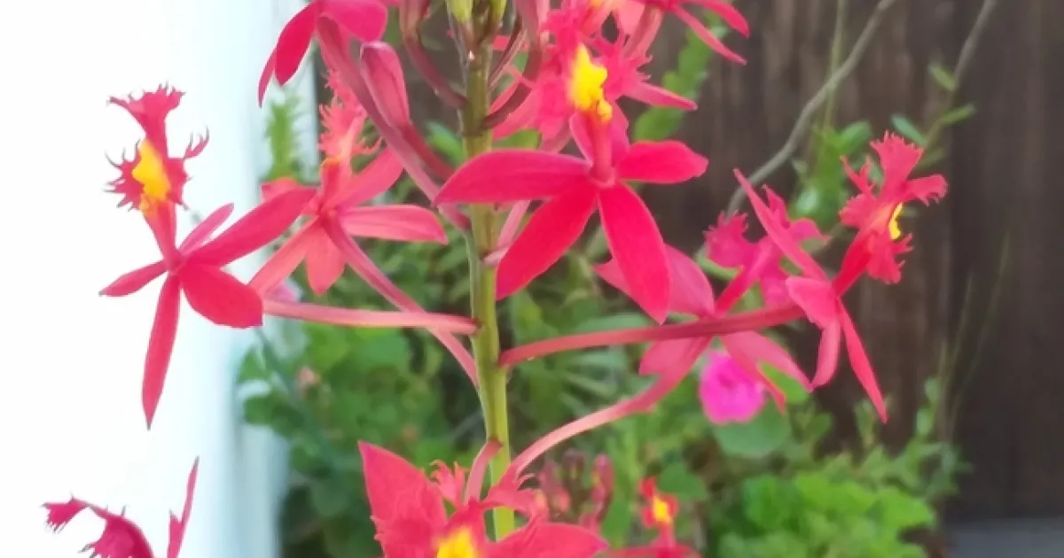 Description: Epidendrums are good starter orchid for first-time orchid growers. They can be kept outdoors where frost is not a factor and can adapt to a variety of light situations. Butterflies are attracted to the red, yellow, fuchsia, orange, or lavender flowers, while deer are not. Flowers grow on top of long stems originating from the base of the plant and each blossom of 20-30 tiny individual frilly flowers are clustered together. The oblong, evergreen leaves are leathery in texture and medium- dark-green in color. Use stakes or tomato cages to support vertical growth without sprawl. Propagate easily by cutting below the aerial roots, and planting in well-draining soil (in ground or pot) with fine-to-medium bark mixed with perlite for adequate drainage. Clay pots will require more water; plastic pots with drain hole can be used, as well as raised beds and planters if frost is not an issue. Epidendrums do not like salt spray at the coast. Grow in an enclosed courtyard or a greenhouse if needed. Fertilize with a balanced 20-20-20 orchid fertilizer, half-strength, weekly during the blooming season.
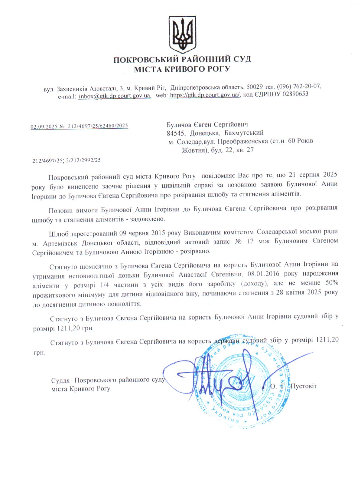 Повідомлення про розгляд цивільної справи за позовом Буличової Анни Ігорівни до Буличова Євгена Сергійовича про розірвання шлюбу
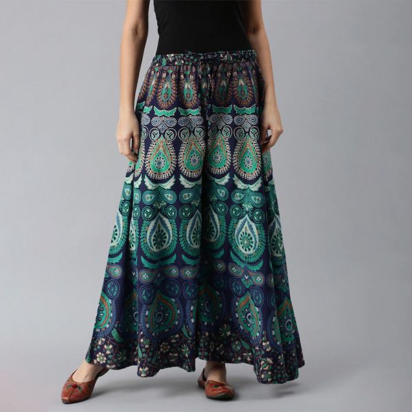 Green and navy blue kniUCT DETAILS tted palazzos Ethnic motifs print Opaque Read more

__INSTRUCTIONS FOR THE TASK__:
Restate every line of the listing exactly. Pictures are not part of the copy.

__PROBLEM SOLUTION__:
 Description: Epidendrums are good starter orchid for first-time orchid growers. They can be kept outdoors where frost is not a factor and can adapt to a variety of light situations. Butterflies are attracted to the red, yellow, fuchsia, orange, or lavender flowers, while deer are not. Flowers grow on top of long stems originating from the base of the plant and each blossom of 20-30 tiny individual frilly flowers are clustered together. The oblong, evergreen leaves are leathery in texture and medium- dark-green in color. Use stakes or tomato cages to support vertical growth without sprawl. Propagate easily by cutting below the aerial roots, and planting in well-draining soil (in ground or pot) with fine-to-medium bark mixed with perlite for adequate drainage. Clay pots will require more water; plastic pots with drain hole can be used, as well as raised beds and planters if frost is not an issue. Epidendrums do not like salt spray at the coast. Grow in an enclosed courtyard or a greenhouse if needed. Fertilize with a balanced 20-20-20 orchid fertilizer, half-strength, weekly during the blooming season.
 Повідомлення про розгляд цивільної справи за позовом Буличової Анни Ігорівни до Буличова Євгена Сергійовича про розірвання шлюбу
 Green and navy blue kniUCT DETAILS tted palazzos Ethnic motifs print Opaque Read more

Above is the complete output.